I know that I do not have time to mention all the measures contained in the Bill as another hon. Member wishes to speak, but many of them will be welcomed by businesses, both small and large. We must constantly study the rules and regulations. One criticism is that we have been in power 14 years, so why have we only just started to consider them.

Mr. Illsley

Tell us about it.

Mr. Evans

As we have heard today, the Labour party loves regulations and treats them in the same way as it treats taxation and spending. Rules and regulations are the very creed and heart of the Labour party. Labour Members think that they must keep on spending, taxing and regulating and that is the difference between the Labour and Conservative parties. It is one reason why, come the next general election, people will remember what we have done about rules and regulations, how we have freed businesses from unnecessary burdens and helped small businesses to flourish and earn more profits so that they can reinvest in their businesses and grow. Profit is not a dirty word, although we might think otherwise to hear Opposition Members talk.

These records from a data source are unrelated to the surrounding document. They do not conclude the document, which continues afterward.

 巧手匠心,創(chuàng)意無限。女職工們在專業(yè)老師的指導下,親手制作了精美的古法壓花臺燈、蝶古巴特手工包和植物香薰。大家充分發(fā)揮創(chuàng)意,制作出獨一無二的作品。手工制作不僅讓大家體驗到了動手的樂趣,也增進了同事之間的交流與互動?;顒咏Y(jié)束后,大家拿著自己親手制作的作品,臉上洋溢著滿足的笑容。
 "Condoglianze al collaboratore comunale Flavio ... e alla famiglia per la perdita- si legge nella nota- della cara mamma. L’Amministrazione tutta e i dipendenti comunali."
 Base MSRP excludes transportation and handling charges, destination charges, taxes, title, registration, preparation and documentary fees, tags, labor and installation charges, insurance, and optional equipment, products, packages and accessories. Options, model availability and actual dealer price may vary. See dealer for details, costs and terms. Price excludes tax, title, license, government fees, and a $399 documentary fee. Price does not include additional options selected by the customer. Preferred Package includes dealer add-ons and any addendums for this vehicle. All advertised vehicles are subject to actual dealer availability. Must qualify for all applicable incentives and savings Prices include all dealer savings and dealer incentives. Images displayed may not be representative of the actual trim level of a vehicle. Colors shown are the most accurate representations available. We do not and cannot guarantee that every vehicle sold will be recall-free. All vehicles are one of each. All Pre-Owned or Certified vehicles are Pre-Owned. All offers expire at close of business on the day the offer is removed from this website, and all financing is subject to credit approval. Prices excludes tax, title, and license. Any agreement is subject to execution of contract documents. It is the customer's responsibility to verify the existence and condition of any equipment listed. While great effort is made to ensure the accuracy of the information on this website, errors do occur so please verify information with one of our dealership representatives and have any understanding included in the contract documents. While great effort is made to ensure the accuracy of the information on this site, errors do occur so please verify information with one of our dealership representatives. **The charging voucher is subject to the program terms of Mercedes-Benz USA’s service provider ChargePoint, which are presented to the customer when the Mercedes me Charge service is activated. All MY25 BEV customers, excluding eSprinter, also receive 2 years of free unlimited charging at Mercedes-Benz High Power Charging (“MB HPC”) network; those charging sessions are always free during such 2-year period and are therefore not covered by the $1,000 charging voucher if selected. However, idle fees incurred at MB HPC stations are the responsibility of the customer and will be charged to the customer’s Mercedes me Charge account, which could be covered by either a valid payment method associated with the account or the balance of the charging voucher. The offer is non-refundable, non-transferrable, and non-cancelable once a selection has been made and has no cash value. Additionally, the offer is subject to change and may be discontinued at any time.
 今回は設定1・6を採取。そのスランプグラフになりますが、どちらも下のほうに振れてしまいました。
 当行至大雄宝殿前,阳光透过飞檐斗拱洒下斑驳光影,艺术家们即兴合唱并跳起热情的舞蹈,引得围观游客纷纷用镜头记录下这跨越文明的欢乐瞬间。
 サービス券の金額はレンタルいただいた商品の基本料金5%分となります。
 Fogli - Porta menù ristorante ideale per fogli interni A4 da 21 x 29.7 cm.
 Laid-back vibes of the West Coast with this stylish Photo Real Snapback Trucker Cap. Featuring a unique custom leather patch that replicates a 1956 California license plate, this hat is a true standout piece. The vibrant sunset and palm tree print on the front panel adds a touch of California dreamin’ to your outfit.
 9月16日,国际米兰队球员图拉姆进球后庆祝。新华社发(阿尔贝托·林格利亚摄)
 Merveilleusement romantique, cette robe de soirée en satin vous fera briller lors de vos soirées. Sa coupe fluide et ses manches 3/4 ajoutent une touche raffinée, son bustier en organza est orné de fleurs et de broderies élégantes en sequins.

The Government need to consult business more widely, especially small businesses. We need a litmus test whereby we consider how beneficial a rule or regulation will be to the consumer and how much it will cost industry. If it does not measure up, will be expensive, or if the consumer will hardly notice any benefit, that rule or regulation should not be introduced. We must stop rules and regulations before the Government introduce them, and that is one of the main reasons why I welcome the Bill and will back it.

9.12 pm
Mr. Eric Illsley (Barnsley, Central)

In the few minutes left, I shall confine my remarks to that section of the Bill that relates to markets. It is clear that the deregulation task forces were made up from the private sector. There was no local authority involvement, which is probably why the Bill will not legislate for the private market sector and private markets will not be deregulated.

The Bill simply attacks local authorities that provide markets. It is also an attack on the National Association of British Market Authorities; its members have opposed, to an authority, its provisions. I took up the issue with members of the association, but, in all the replies I received, not one local authority that was a member of the association supported the Government viewpoint. Nor does the National Market Traders Federation, which views the deregulation of markets as a threat to the livelihoods of its members.

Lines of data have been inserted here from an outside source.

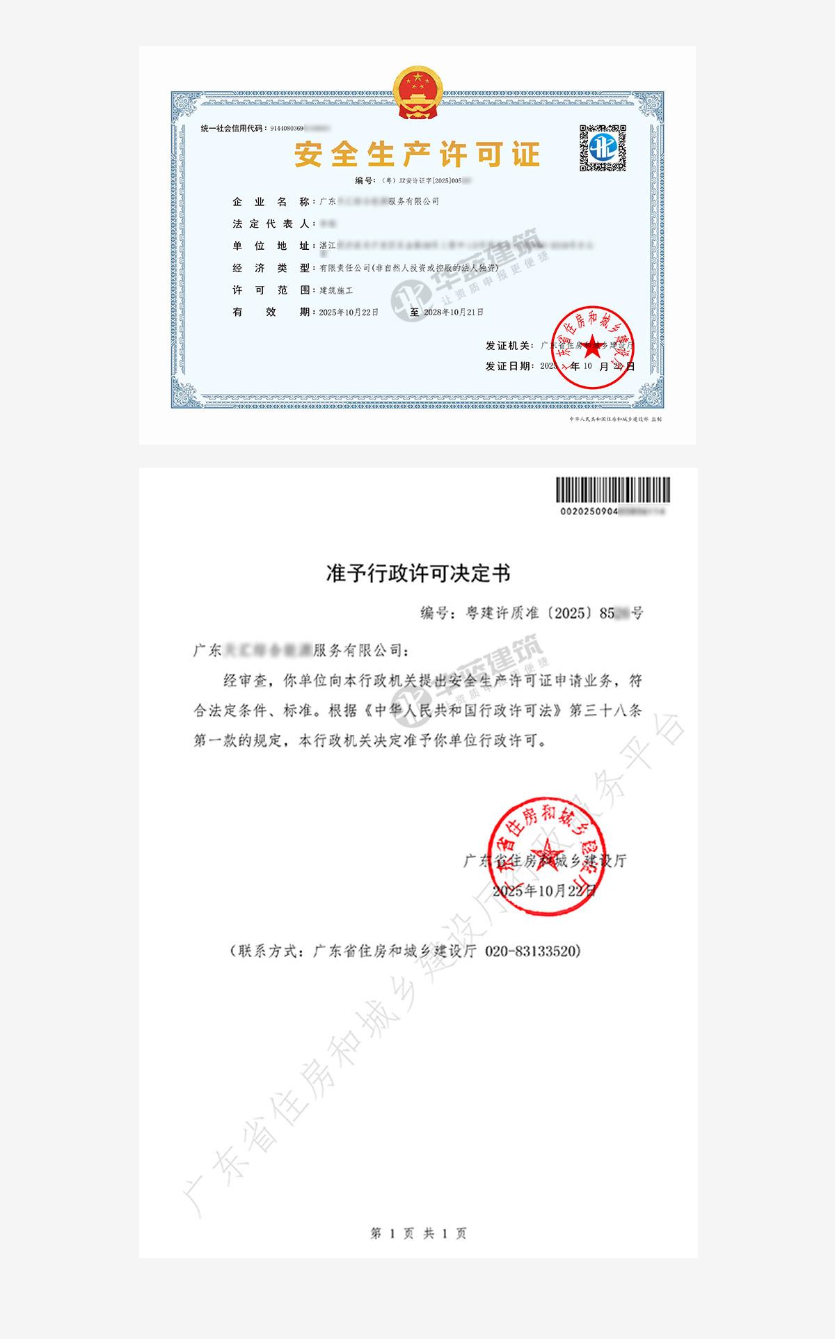 湛江企业申报的施工劳务不分等级安全生产许可证(首次申请)资质证书申报通过,顺利获批!
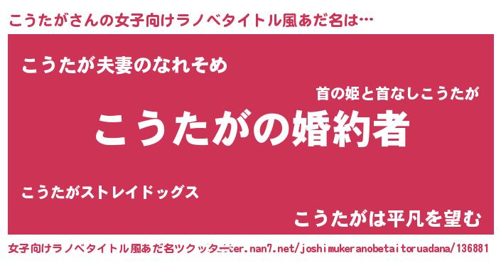| 意味不明あだ名 | 『こうたがフォーエバー』『自称こうたが』 |
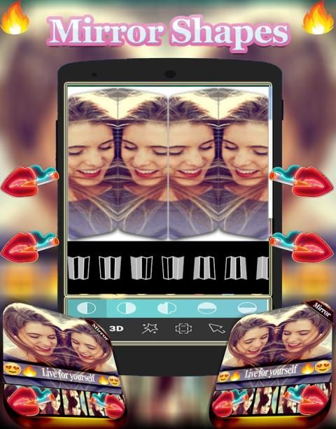 Зеркальное отражение создавать различные выделяющийся зеркалу отражения фотоэффекта, что на самом деле сделать ваши фотографии выделиться из толпы. Так друзья получают различный и быстрый взгляд в зеркале на этом лучшем приложении отражения зеркала фото.

In view of their responses, it is surprising that the Government decided to press on with those clauses. The Minister is aware that many of the local authorities wrote to him to complain about them and have raised petitions, which will be presented to the House or to the Prime Minister. Those authorities are campaigning against the provisions in the Bill.

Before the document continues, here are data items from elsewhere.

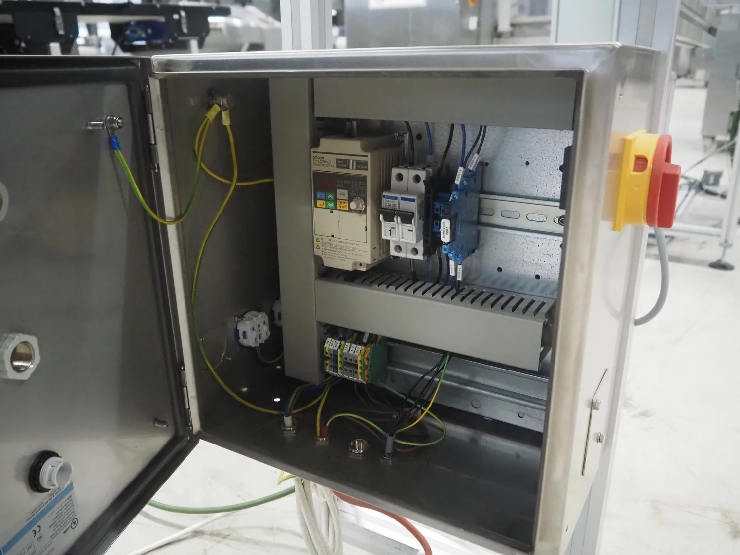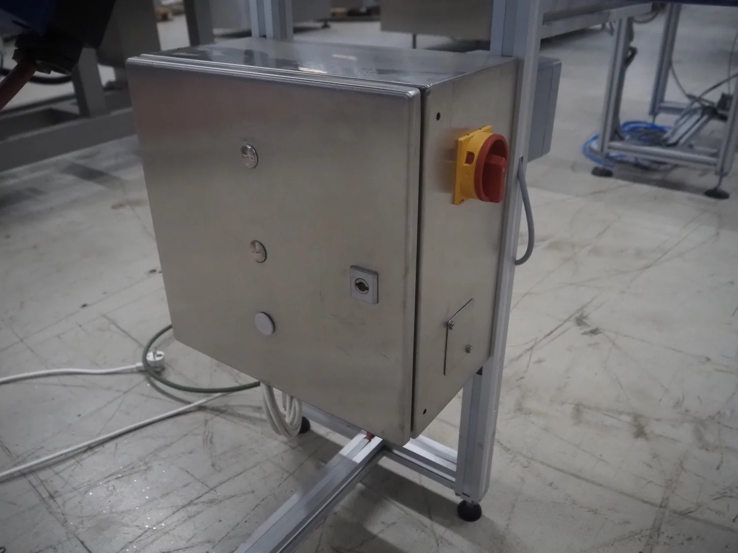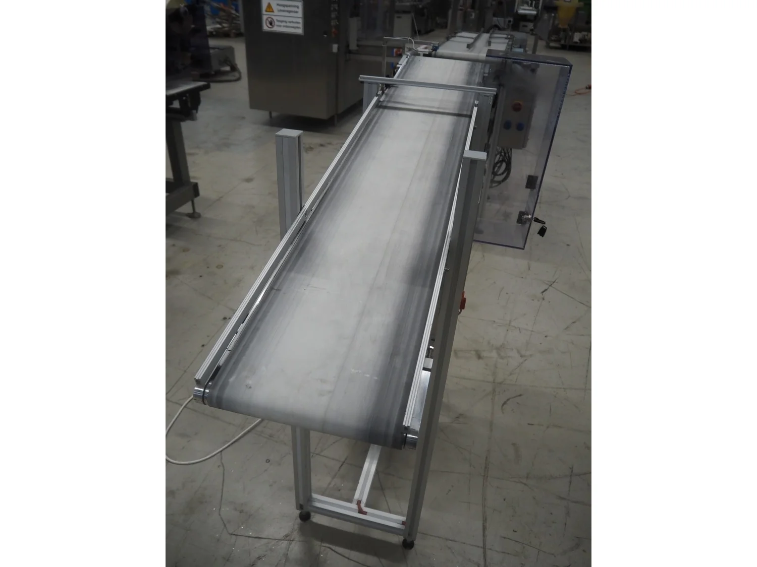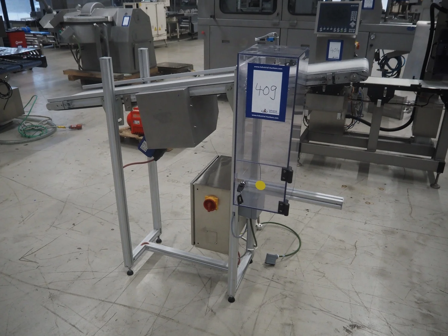Transport belt with rejector, s/s frame, plastic belt, belt width: 285 mm, total dimensions: 1600 mm x 650 mm x 1350 mm.
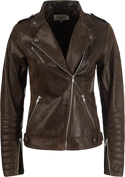Desires Zalla Damen Lederjacke Bikerjacke Echtleder Mit Reverskragen Amazon De Bekleidung
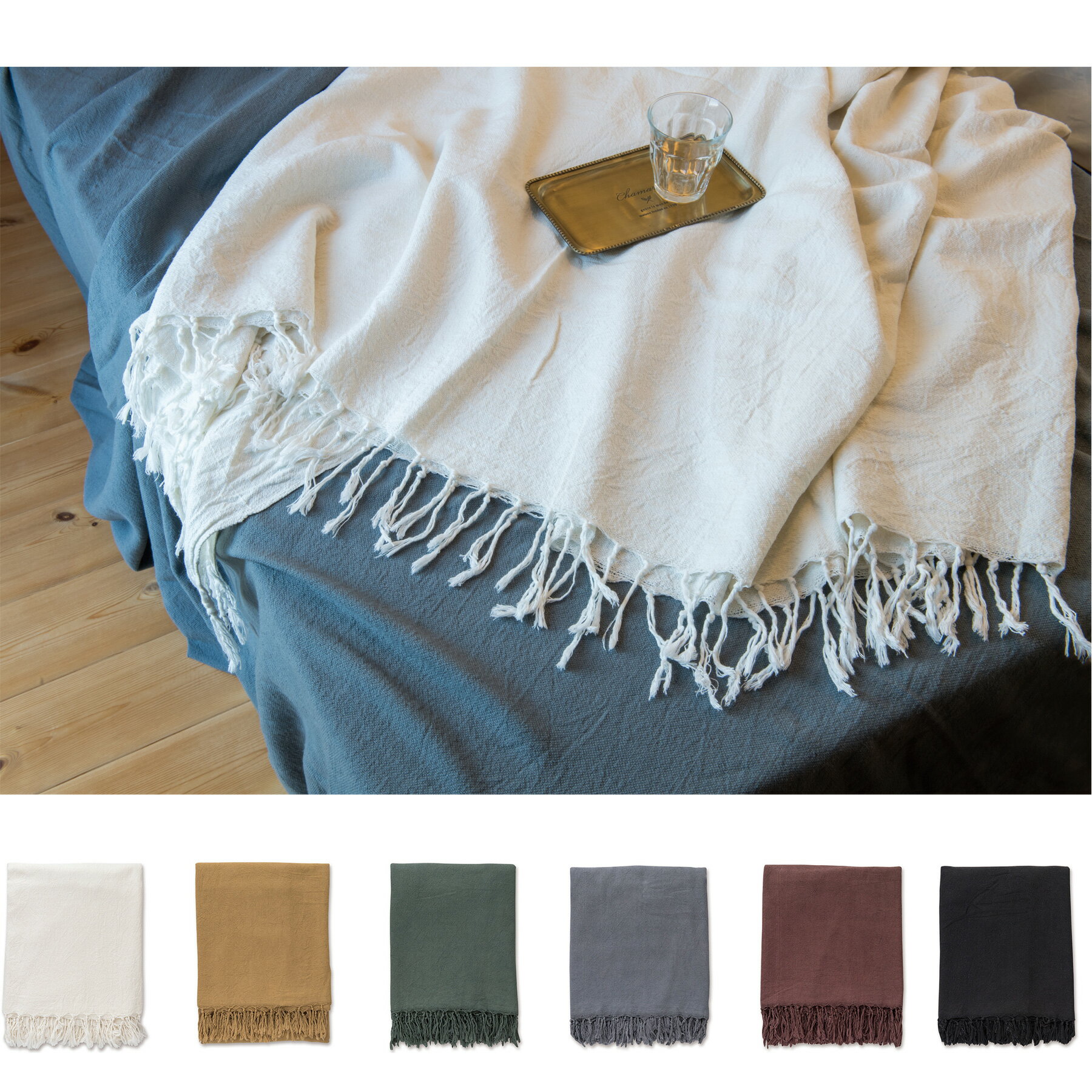 【10%OFF】マルチカバー ベッドカバー ソファーカバー テーブルクロス ブランケット 長方形 250×200cm フリンジ コットン100% 無地 大判 ファブリック 北欧 インテリア カフェ リビング 目隠し

It is said that the deregulation of markets will increase competition, but it is likely to be unfair competition from private markets set up on a temporary basis, operating for a few days a year in a certain area. There will be no consumer protection, continuity or permanence as private markets spring up all over the country.

I refer the House to a letter from the Department of the Environment on the idea that the regulation of markets will frustrate commercial initiatives. I cannot read the whole text, so I shall read just the salient points: It was also made clear to the Commission that we had received very few complaints about market rights and that in 1987–88 the Government had reviewed the system. It concluded that legislation would be needed to abolish all market rights and that franchise rights, which are treated as property in English law, could not be compulsorily appropriated without compensation. Expropriation without compensation would also seem to infringe the European Convention on Human Rights which requires compensation for expropriation of a person's 'possessions'. In view of the requirements to pay compensation, the scarcity of complaints, the minimal part that markets play in U.K. trading activity and the possible damage to centuries of tradition and heritage that abolition would cause, the Government decided not to pursue the question of abolition any further. That remains the current position. That letter was written in March 1991. What has changed in the past couple of years to encourage the Department of Trade and Industry to deregulate market rights? In that time, there have been very few, if any, complaints about the operation of local authority markets.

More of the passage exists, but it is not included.